First and foremost - you need to be safe and you need to not be stranded in a foreign country with someone who is potentially unstable.
As for why he asked you to move when he didn't want to be with you, who knows. I don't know how to answer that. Maybe he felt like he 'ought' to have a relationship or something even though realistically he didn't want one. It's understandable how much this is affecting you though. Have you considered havng counselling to help you deal with it?
Yes but, I do not know whether the lack of interest in sex was exclusively with me (maybe because he didn't like me or felt attracted to me) or it is with everyone else. I know nothing about his sex life in previous relationships with other women. He kept saying I was attractive however he said it as if he wasn't attracted to me. He used to say that him being his age, 48, he had these images he fantasises about and he is set in this way because he is used to being by himself and that is why he masturbated in front of me thinking of "these images" or whatever he was thinking about. He also told me on one ocassion that he thought of the previous woman he was with, in a sexual way while being with me. The whole thing about sex with him has left me traumatised. He even opened porn websites at the beginning and took me to look before having sex with me. These websites were only about women. The whole thing was disgusting!!
From what you have written about his solitude, and his failure to form stable relationships with equals, it is not in any way related to you. He has some very fixed ideas of sexuality and appears to have wanted to coerce you into the mould of those ideas. He seems to have been disturbed by any independent thoughts or feelings that you expressed. He appears to have a need for total control and he seems to be unable to feel safe with other equal adults. The only relationship that you mention is with his mother, and you also say he is a doctor, in a position superior to most of the people he deals with through work.
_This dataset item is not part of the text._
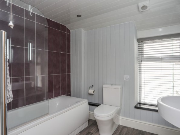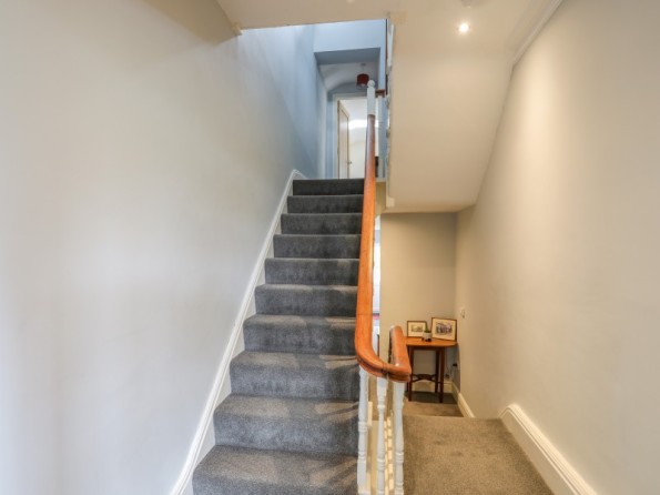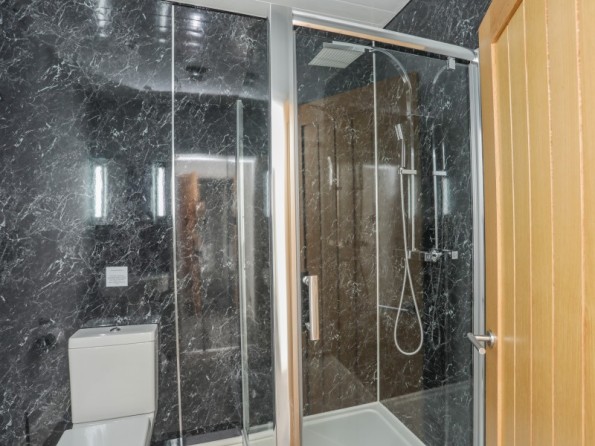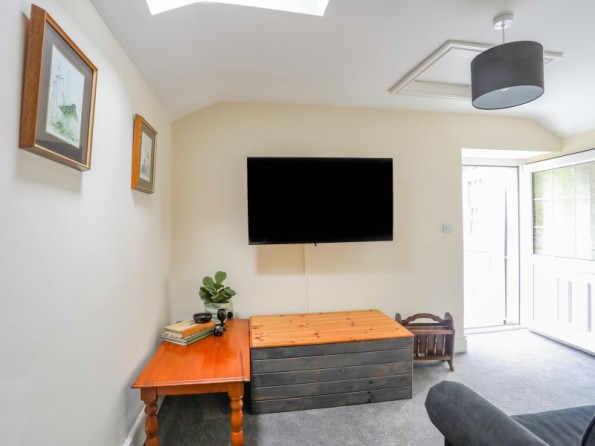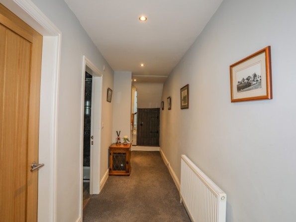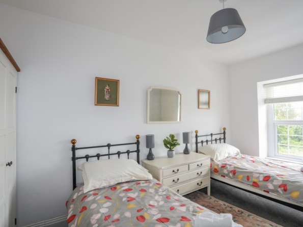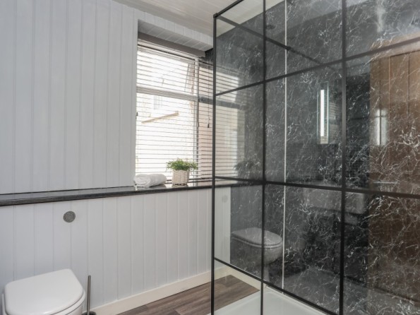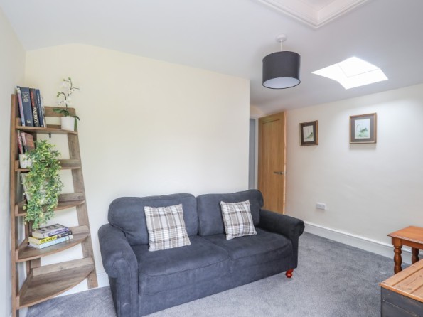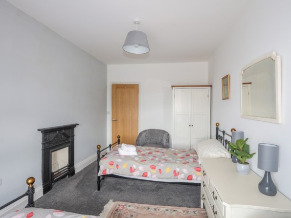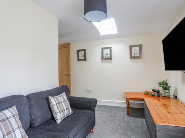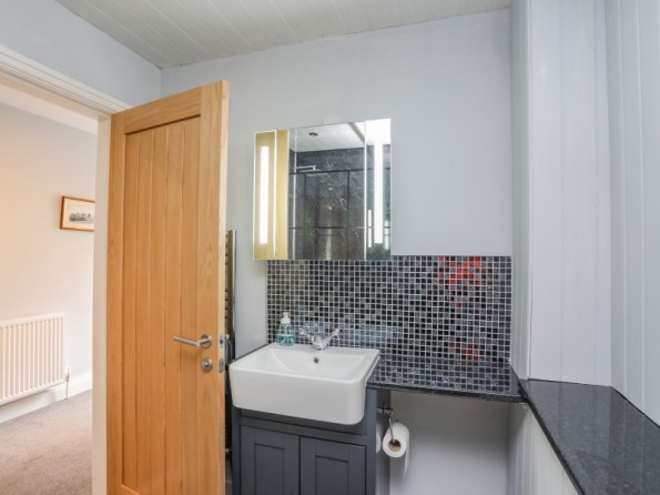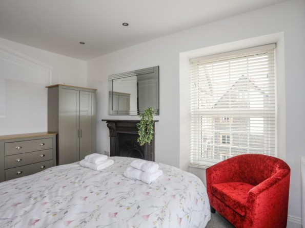 Over three floors. Three bedrooms: 1 x second-floor king-size double with en-suite shower, basin and WC, 1 x second-floor double, 1 x second-floor twin. Bathroom with bath, shower over, basin and WC. Ground-floor shower room with walk-in shower, basin and WC. Open-plan living space with kitchen, dining and seating area with electric fire. Utility. First-floor snug
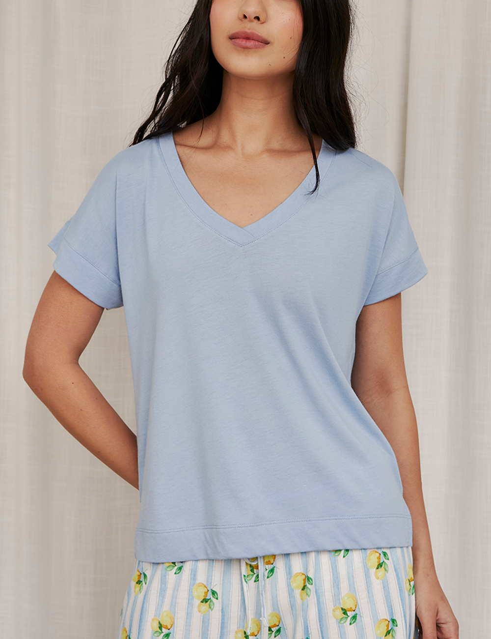 The summer calls for comfortable and airy pieces, making the Harper Morning Sky Top your perfect choice. It features a simple design with a V-neck and side slits at the hem. Pair it effortlessly with this season's capris or shorts. Enjoy the Luxury Finish—a special wash that enhances the fabric’s softness and drape, providing a unique feel against your skin.

I don't think there is any such thing as "normal" in human sexuality, because many kinds of relationships and behaviours make people happy and feel secure. But sexual health is "An integration of somatic, emotional, intellectual and social aspects of sexual being, in ways that are positive, enriching, and that enhance personality, communication and love" (World Health Organisation) and "The physical, emotional, psychological, social and cultural well being of a person's sexual identity, and the capacity and freedom to enjoy and express sexuality without exploitation, oppression, physical or emotional harm" (Royal College of Nurses) - I do not see the behaviours that you have described as being healthy.